There is a firsthand experience for us all to have that is real, profound, and exquisitely loving. I could search for other adjectives to try to capture the wonder of it, but I will stop there.
Firsthand experience relies on our trust and faith in what we sense and know for ourselves. It requires that we suspend what the institutions of our culture have told us about what reality is, long enough to allow ourselves to participate in this creative process.
And what are the steps that are part of our conscious participation?

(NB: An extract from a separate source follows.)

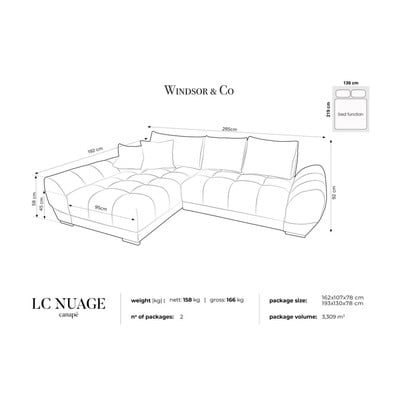 Kotna sedežna garnitura NuageŽametna, raztegljiva/s prostorom za shranjevanje, levi kot/z ležalnikom, siva, vodoodporna/odporna na madeže, štirisedežna, širina 285 cm

The more we become as nothing, the more we are filled with the presence of the Divine from out of the portal. The more we become as nothing, the easier it is to bring the substance of our living into the heavenly storehouse. When we become as nothing, we are not clinging to the substance of our life. We are no longer taking it personally. We no longer worry about our human experience, trying to improve it or criticize it. We are not ashamed of it.
We become as nothing so that what we have taken personally we let go of, so that it can ascend. It cannot ascend—through us anyway—if we cling to our health, happiness, mood, and possessions… Shall I go on? We can just let go of it all, not taking it personally, becoming as nothing, so that all of our human experience can ascend into the portal, into the whirlwind—that there can be wealth in God’s house, we might say. But we find out that it is in our house—just at higher levels of reality than we had previously experienced. Then we have the power to bring the presence of heaven. We are full of that presence.
In becoming no one, we become someone. We become who we are in reality, bringing the power, the presence, the gifts, the blessing, through the portal, allowing heaven to stream through our human experience, filling us, overflowing from us and into our world.
Shall we become as nothing today? Shall we become as no one so that we can become someone, the One who we truly are, the One who lives in heaven, on earth, allowing heaven to stream into the world?
In doing so collectively, we know our oneness. We are empowered to be a collective portal of ascension, bringing the drawing power of heaven into our world. And the more that collectively there is no one here—none of the distractions of personalized human experience obsessed with personality and ego—the more there is someone here: the collective presence of the Divine, known individually and in our oneness.
May there be that one presence on earth because of us, because of you and me. That is the big idea for us as Emissaries of Divine Light and has been from the very beginning. It is how we were made. Let us fulfill this original intention now.